European Interest

Who will be the next mayor of Prague?

Flickr/David Short/CC BY 2.0
Jan Čižinský of Praha sobě, received the most preferential votes in the city of Prague.

In talks to form government in Prague are three groups: the citizen’s movement Praha sobě, the Pirates and the Spojené síly alliance (TOP 09, STAN and others). The parties are in negotiations and looking at how to align their agendas.

As reported by The Prague Daily Monitor, even though the ODS won Prague by a whisker, City hall is evenly split, with the ODS having 14 seats, ANO who was last, having 12, and the rest having 13 each.

Now the main point of contention is the post of mayor, with Jan Čižinský of Praha sobě, claiming that he, who received the most preferential votes in the city, should be mayor. But the Pirates who won more votes overall, also claim the post.

Meanwhile, as reported by Czech Radio online, the communal and senatorial elections were seen as a test of strength of Prime Minister Andrej Babiš’ ANO party, which has dominated Czech national politics since winning last year’s parliamentary elections by a large margin.

Although ANO scored in 11 big cities, its loss in the Czech capital, which Babiš considered all-important, has soured the party’s victory.

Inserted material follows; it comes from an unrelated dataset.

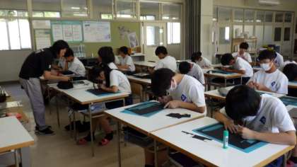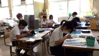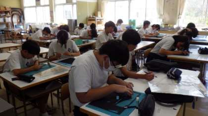 浮世絵をモチーフにした切り絵に取り組んでいます。線が細かいため、かなりの集中力が必要なようで、黙々と線を描いたり切ったりしていました。

In an interview with Czech Radio, political scientist Jiří Pehe said: “I think that Andrej Babiš is deeply unhappy with the results because he spent CZK 130m, which is almost four times more than some other parties did. And he spent CZK 50m in Prague alone, which is CZK 5m more than the Civic Democratic Party spent in its nationwide campaign. With all of this money he didn’t manage to win Prague, so he must feel that he has hit his limits and must be deeply worried, because his strategy so far was to spend a lot of money and get results. Obviously just spending however, is not doing the job for him.”